* DESCRIPTION OF THE TASK *
Going down the listing below, print exactly each line from the one with "Die Auszahlungsquote (RTP)" up to and including the one with "Lasinen tulppaanivarsi tekee", and skip the rest.

* STORED DATA *
▽

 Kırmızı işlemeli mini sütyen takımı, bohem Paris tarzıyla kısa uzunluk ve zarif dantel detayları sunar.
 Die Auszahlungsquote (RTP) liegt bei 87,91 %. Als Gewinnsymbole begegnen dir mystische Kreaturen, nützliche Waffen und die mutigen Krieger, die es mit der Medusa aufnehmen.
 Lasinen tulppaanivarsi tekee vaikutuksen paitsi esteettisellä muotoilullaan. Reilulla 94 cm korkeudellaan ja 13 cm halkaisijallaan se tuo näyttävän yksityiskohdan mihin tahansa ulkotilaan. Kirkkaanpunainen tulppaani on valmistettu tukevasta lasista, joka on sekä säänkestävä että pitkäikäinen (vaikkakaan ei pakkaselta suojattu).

△
▽

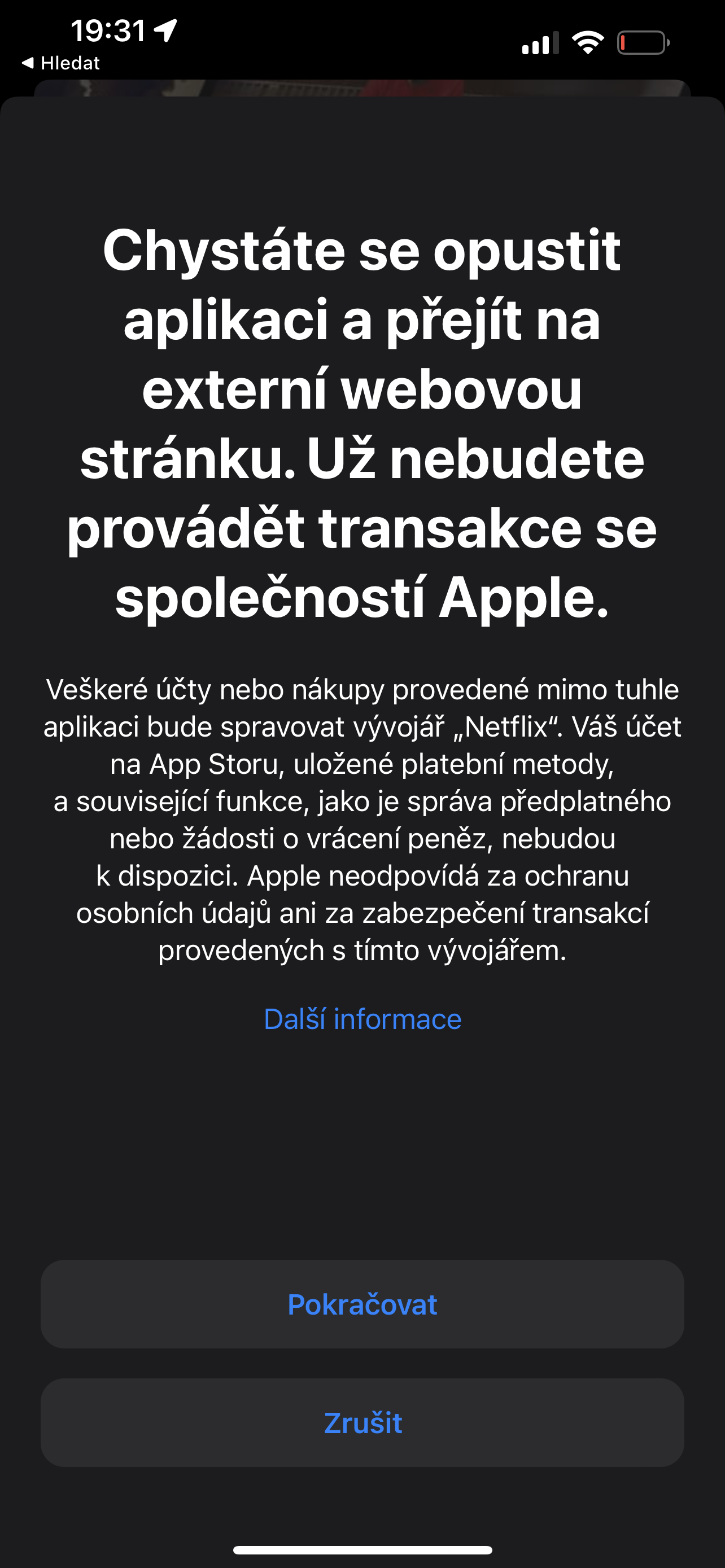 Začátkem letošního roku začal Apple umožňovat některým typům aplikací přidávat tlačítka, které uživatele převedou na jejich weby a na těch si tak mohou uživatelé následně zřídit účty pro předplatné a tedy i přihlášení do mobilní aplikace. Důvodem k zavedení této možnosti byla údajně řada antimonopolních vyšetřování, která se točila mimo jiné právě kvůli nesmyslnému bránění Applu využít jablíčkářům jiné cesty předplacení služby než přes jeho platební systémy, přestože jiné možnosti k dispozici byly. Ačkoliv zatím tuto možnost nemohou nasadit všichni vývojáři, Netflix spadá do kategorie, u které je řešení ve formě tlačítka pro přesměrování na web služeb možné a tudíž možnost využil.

△

* RESPONSE FOR THIS EXERCISE *
 Die Auszahlungsquote (RTP) liegt bei 87,91 %. Als Gewinnsymbole begegnen dir mystische Kreaturen, nützliche Waffen und die mutigen Krieger, die es mit der Medusa aufnehmen.
 Lasinen tulppaanivarsi tekee vaikutuksen paitsi esteettisellä muotoilullaan. Reilulla 94 cm korkeudellaan ja 13 cm halkaisijallaan se tuo näyttävän yksityiskohdan mihin tahansa ulkotilaan. Kirkkaanpunainen tulppaani on valmistettu tukevasta lasista, joka on sekä säänkestävä että pitkäikäinen (vaikkakaan ei pakkaselta suojattu).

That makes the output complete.